Chairs of two Faculty Senate subcommittees presented senators with reports on admissions at SMU and the academic calendar at their Wednesday afternoon meeting.
Both reports highlighted the successes and various challenges in each subject.
Christine Buchanan, chair of the Subcommittee on Admission and Financial Aid, had both good and news for Faculty Senate.
One good thing: Admissions currently has 3,428 more applications than last year, although many of those are not fully complete. Buchanan also reported that there is a lot of new energy in Enrollment Services from changes in the office.
SMU’s goal is to increase applications and attract more exceptional students.
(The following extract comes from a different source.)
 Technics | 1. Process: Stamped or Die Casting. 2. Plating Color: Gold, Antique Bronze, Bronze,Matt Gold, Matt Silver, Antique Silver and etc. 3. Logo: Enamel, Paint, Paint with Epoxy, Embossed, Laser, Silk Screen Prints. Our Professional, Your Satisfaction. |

But this increase in applications isn’t necessarily translating to a higher quality of students, Buchanan said. It just means there are more applicants.
Another problem is getting applicants who will actually come to SMU, not just apply.
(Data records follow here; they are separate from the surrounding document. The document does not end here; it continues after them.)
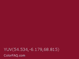 YUV 54.534,-6.179,68.815 Color is a dark red color and the nearest color is Antique Ruby #841b2d. Hex code #85112a and RGB value is rgb(133,17,42). In RGB color space, this color is composed of 52% red, 7% green, 16% blue, In CMYK color space, this color is composed of 0% cyan, 87% magenta, 68% yellow , 48% black , In HSL color space, this color has a hue angle of 347° , 77% saturation and 29% lightness.
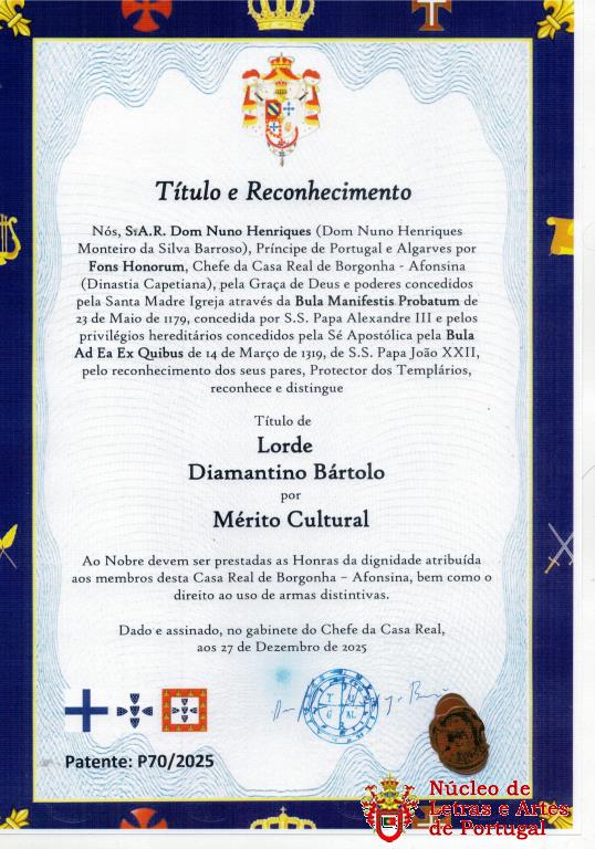 Presidente HONORÁRIO do Núcleo Académico de Letras e Artes de Portugal
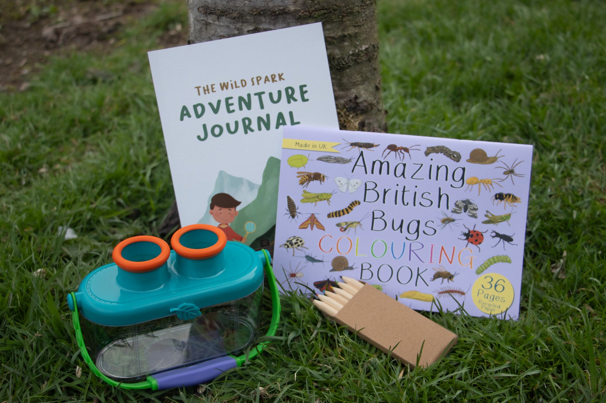A gift set containing The Wild Spark Adventure Journal, Amazing British Bugs Colouring Book and GeoSafari Jr. Bugnoculars.

“Even if we get all these great applicants, can we yield them?” Buchanan said. “It’s going to be a challenge.”
SMU’s first-year retention rate hasn’t dramatically improved, Buchanan said, with this year’s rate standing at 88.6 percent. The first-year retention rate shows how many first-time students return to the University the next fall. Last year’s retention stood at 88 percent.
Buchanan cited the economy as a major player for students not returning to SMU. She noted that many Hunt and President’s Scholars who might be unhappy at SMU stay because it’s better for them cost-wise.
“Students are shopping around for the best price,” she said, and there’s “no question that we’re competing with other schools.”
Doug Reinelt, the chair of the academic calendar subcommittee, told Faculty Senate that the big challenge this year was putting more reading days into the 2012-13 calendar, particularly for the spring semester.
Many students, including Student Body President Jake Torres, had bemoaned the lack of reading days in the upcoming academic years (none in Spring 2011, one in Fall 2011 and none in Spring 2012). Some faculty and administrators had also wanted to have more reading days.
The problem for the calendar subcommittee, Reinelt said, was whether they should add days to the schedule or take out days from existing breaks.
“We didn’t really want to cut days,” he said. Reinelt also said the committee didn’t want to shorten the time between the end of classes and May graduation because that would have brought up the issues of diplomas at May graduation.
To solve the problem, the committee decided to start the Spring 2013 term on the Friday before Martin Luther King Jr. Day. This means that students will start on Friday and then have a 3-day weekend, as MLK Day is a holiday.
Regarding Torres and the rest of the student body who had fought to add more reading days to the calendar, Reinelt noted the irony that many of them would no longer be at SMU when the change took place.
The 3-day weekend may cause problems for the SMU Police Department, Reinelt cautioned, but the committee felt that adding a reading day was the bigger issue. Reinelt also noted that the upcoming calendar wouldn’t have any “weird” days, such as Fridays with a Monday schedule.
The committee also added days for first-year early intervention grading and sophomore/junior midterm grading.